Miss Collins said there are some members of the House who never wanted to see a bill anyway.
“I think what you’re seeing here is the forces in favor of the status quo protecting their turf, whether it’s in the Congress or in the bureaucracy,” she said.
In the House meeting, some Republican lawmakers said, much of the discussion was directed at Mr. Bush and his urging the House to drop the immigration-security provisions they included in their original bill.
Rep. Dana Rohrabacher, California Republican, said he believes a number of Republicans “held their tongues” during the election over immigration issues, and yesterday was the first forum since the election to talk about the matter.
“It was a very frank discussion,” he said.
On Friday night, Mr. Bush, traveling in Chile, personally called Rep. F. James Sensenbrenner Jr., Wisconsin Republican, to urge him to sign the agreement. He told Mr. Sensenbrenner, chairman of the Judiciary Committee, to drop his insistence on strict national standards to prevent illegal immigrants from obtaining driver’s licenses, said several Republican aides.
Mr. Sensenbrenner said he would, but only if the president would have the senators accept other immigration provisions, such as tighter restrictions on asylum-seekers and faster deportation processes. Senate negotiators had already rejected those once and refused to budge again Friday night, arguing that the immigration language went far beyond what was necessary for the bill.
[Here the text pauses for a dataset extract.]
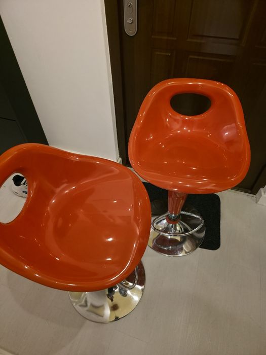 Krzesła barowe, kuchenne, pomarańczowe, 2 sztuki

Mr. Sensenbrenner then refused to sign off and he persuaded fellow House Republicans in yesterday’s meeting to oppose the bill as well.
He said the September 11 commission called for standards for driver’s licenses, because the 19 hijackers in the terrorist attacks obtained 63 validly issued driver’s licenses, and he said that provision must be a part of the final bill.
Rather than a bill to implement all of the commission’s findings, though, Miss Collins said she viewed it only as an overhaul of the intelligence community.
“It’s very likely that Congress is going to turn to immigration reform sometime next year. That is the time for the debate on these highly divisive and controversial provisions,” Miss Collins said. “They do not belong in the intelligence-reform bill.”